Data excerpts:
[Start of section]
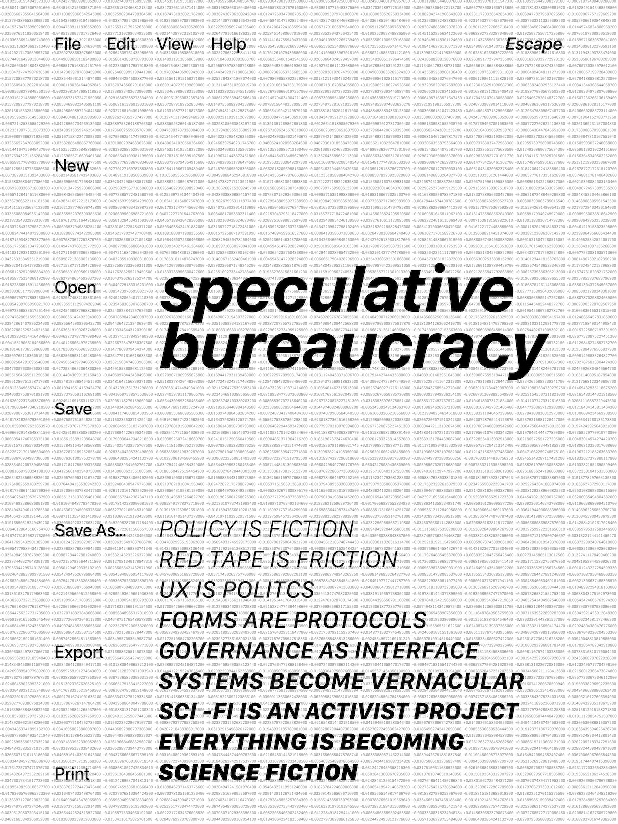 My practice operates in a space I’m calling Speculative Bureaucracy—using the visual languages of administration and policy to open up a space for criticism of the systems we experience every day. This is low theory applied to interface design, finding new uses for the everyday aesthetics of control in an effort to imagine different futures.
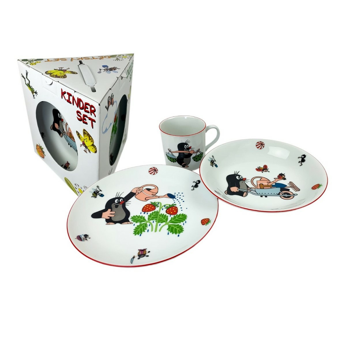 3-dielna porcelánová sada s veselým motívom Krtka poteší všetky deti. Obsahuje plytký tanier, hlboký tanier miskového typu a hrnček. Všetko v komfortnej veľkosti akurát na detské stolovanie.Sada je vyrobená z kvalitného Českého porcelánu. Zabalená v krásnom darčekovom balení.Vďaka použitému materiálu je údržba jednoduchá, riad je možné umývať v umývačke riadu a používať v mikrovlnke.Obsah sady:1x plytký tanier – pr. 21 cm1x hlboký tanier – pr. 20 cm1x hrnček – objem 220 ml
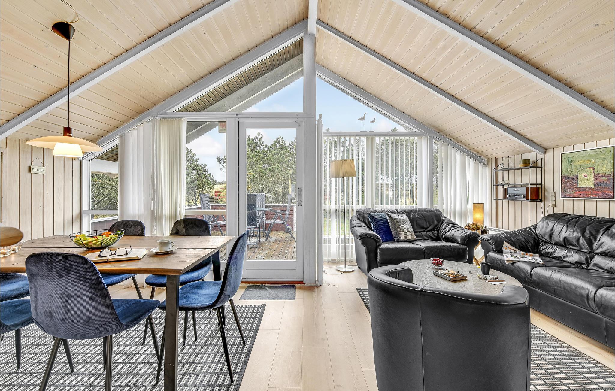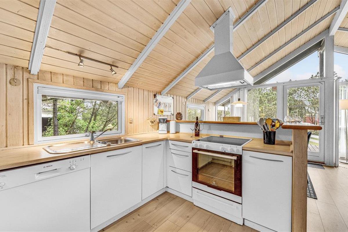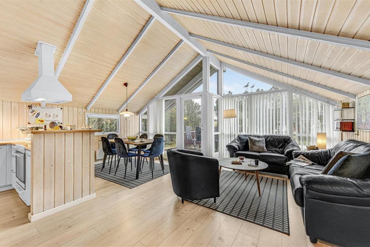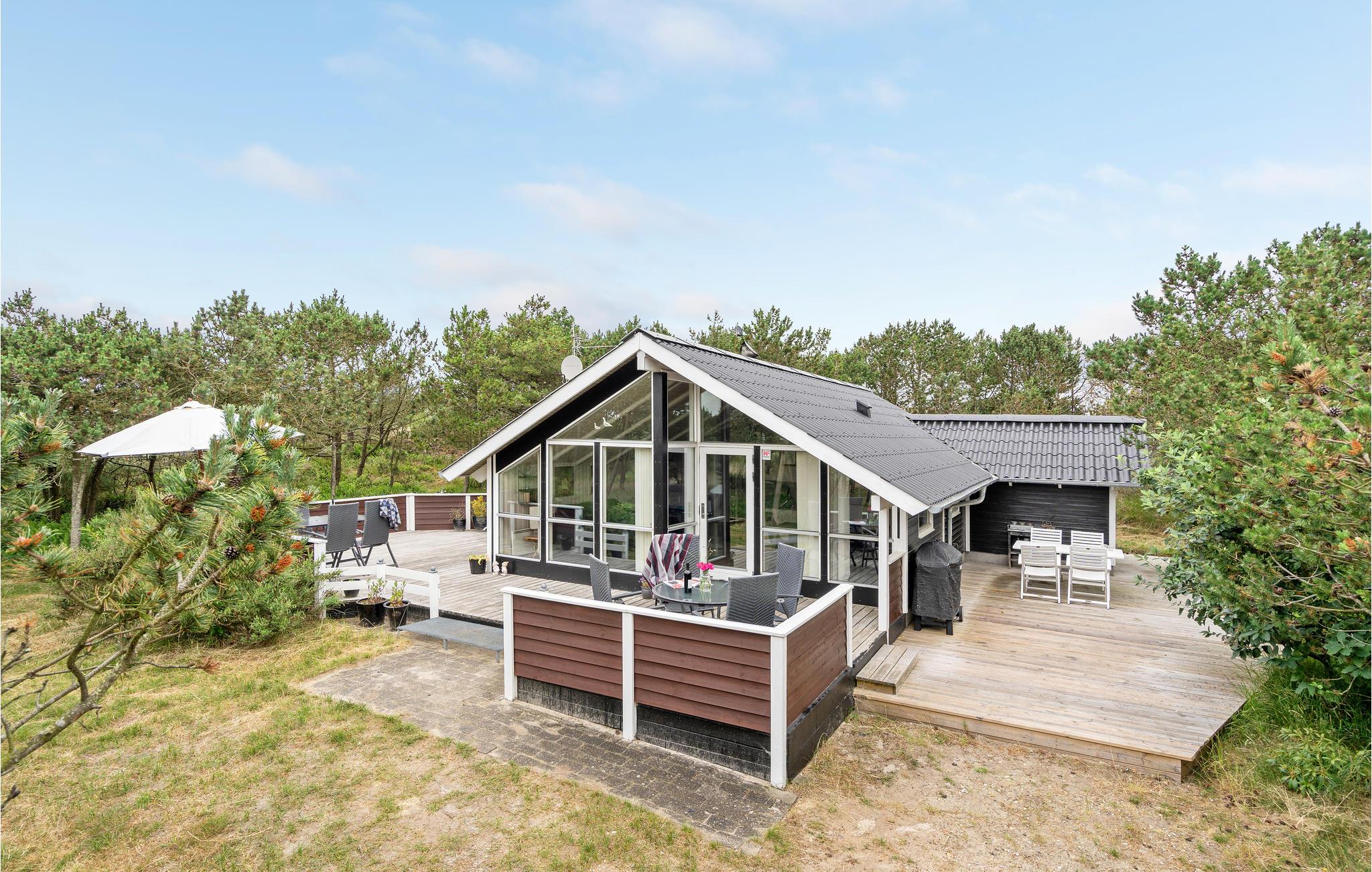 Mooie en goed uitgeruste luxe woning, gelegen op een golvende duingrond en deels afgeschermd van de omgeving door kleinere pijnbomen. Deze woning wordt voortdurend onderhouden en is voorzien van een eetkeuken met een lichte ambiance en een houtkachel. Voor het moderne gezin zijn glasvezelkabel voor een snelle internetverbinding, Apple TV en Chromecast beschikbaar. Groot, mooi terras, uitgerust met moderne meubels en barbecue. Dicht bij het huis is er een voetpad naar het Noordzeestrand. Het gebied bij de zee en Ringkøbing Fjord biedt veel mogelijkheden voor ontwikkeling. U kunt onder andere vissen op haring vanaf de sluis in het vissersdorp Hvide Sande, watersporten beoefenen op het fjord, musea bezoeken, winkelen en goede restaurants bezoeken.
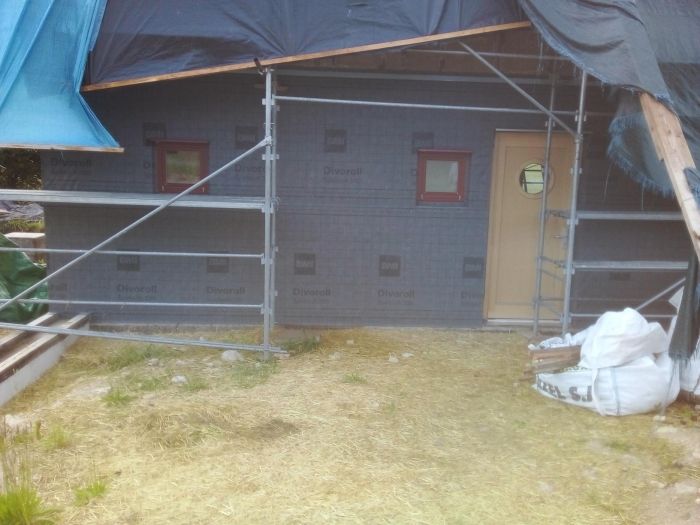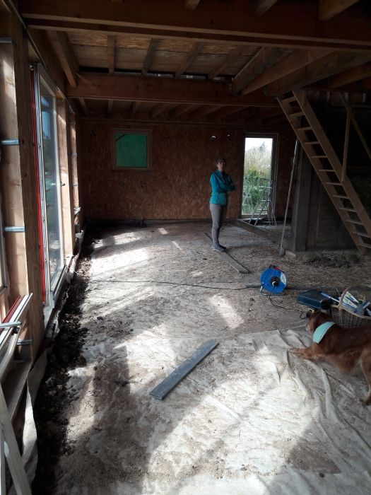 Un an et demi après le début des travaux, nous allons enfin nous attaquer au toit de l'habitation, au remplissage des murs porteurs (paille dans le GREB et ouate de cellulose), à la pose des menuiseries, du frein-vapeur puis au cloisonnement !!!
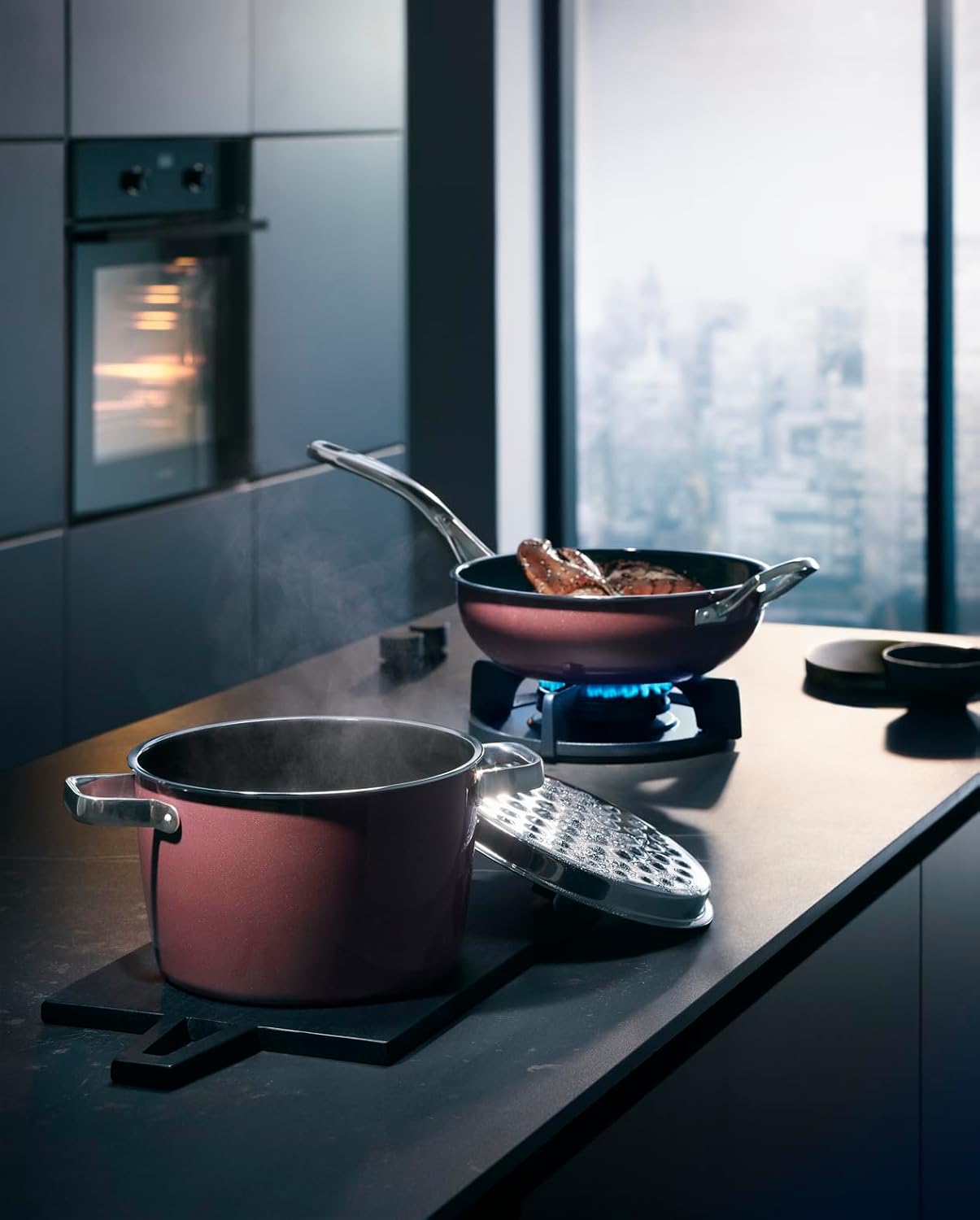 قابلمه بزرگ معطر WMF Fusiontec، 24 سانتیمتر، درب با دانههای میعان، قابلمه القایی 6.2 لیتری، سرامیک پیشرفته، قابل چیدن روی هم، ضد خش، قرمز، قابلمه 6.2 لیتری قرمز
[End of section]
■ Problem: All of the lines above should be retyped precisely, apart from the pictures.

■ Response area:
 My practice operates in a space I’m calling Speculative Bureaucracy—using the visual languages of administration and policy to open up a space for criticism of the systems we experience every day. This is low theory applied to interface design, finding new uses for the everyday aesthetics of control in an effort to imagine different futures.
 3-dielna porcelánová sada s veselým motívom Krtka poteší všetky deti. Obsahuje plytký tanier, hlboký tanier miskového typu a hrnček. Všetko v komfortnej veľkosti akurát na detské stolovanie.Sada je vyrobená z kvalitného Českého porcelánu. Zabalená v krásnom darčekovom balení.Vďaka použitému materiálu je údržba jednoduchá, riad je možné umývať v umývačke riadu a používať v mikrovlnke.Obsah sady:1x plytký tanier – pr. 21 cm1x hlboký tanier – pr. 20 cm1x hrnček – objem 220 ml
 Mooie en goed uitgeruste luxe woning, gelegen op een golvende duingrond en deels afgeschermd van de omgeving door kleinere pijnbomen. Deze woning wordt voortdurend onderhouden en is voorzien van een eetkeuken met een lichte ambiance en een houtkachel. Voor het moderne gezin zijn glasvezelkabel voor een snelle internetverbinding, Apple TV en Chromecast beschikbaar. Groot, mooi terras, uitgerust met moderne meubels en barbecue. Dicht bij het huis is er een voetpad naar het Noordzeestrand. Het gebied bij de zee en Ringkøbing Fjord biedt veel mogelijkheden voor ontwikkeling. U kunt onder andere vissen op haring vanaf de sluis in het vissersdorp Hvide Sande, watersporten beoefenen op het fjord, musea bezoeken, winkelen en goede restaurants bezoeken.
 Un an et demi après le début des travaux, nous allons enfin nous attaquer au toit de l'habitation, au remplissage des murs porteurs (paille dans le GREB et ouate de cellulose), à la pose des menuiseries, du frein-vapeur puis au cloisonnement !!!
 قابلمه بزرگ معطر WMF Fusiontec، 24 سانتیمتر، درب با دانههای میعان، قابلمه القایی 6.2 لیتری، سرامیک پیشرفته، قابل چیدن روی هم، ضد خش، قرمز، قابلمه 6.2 لیتری قرمز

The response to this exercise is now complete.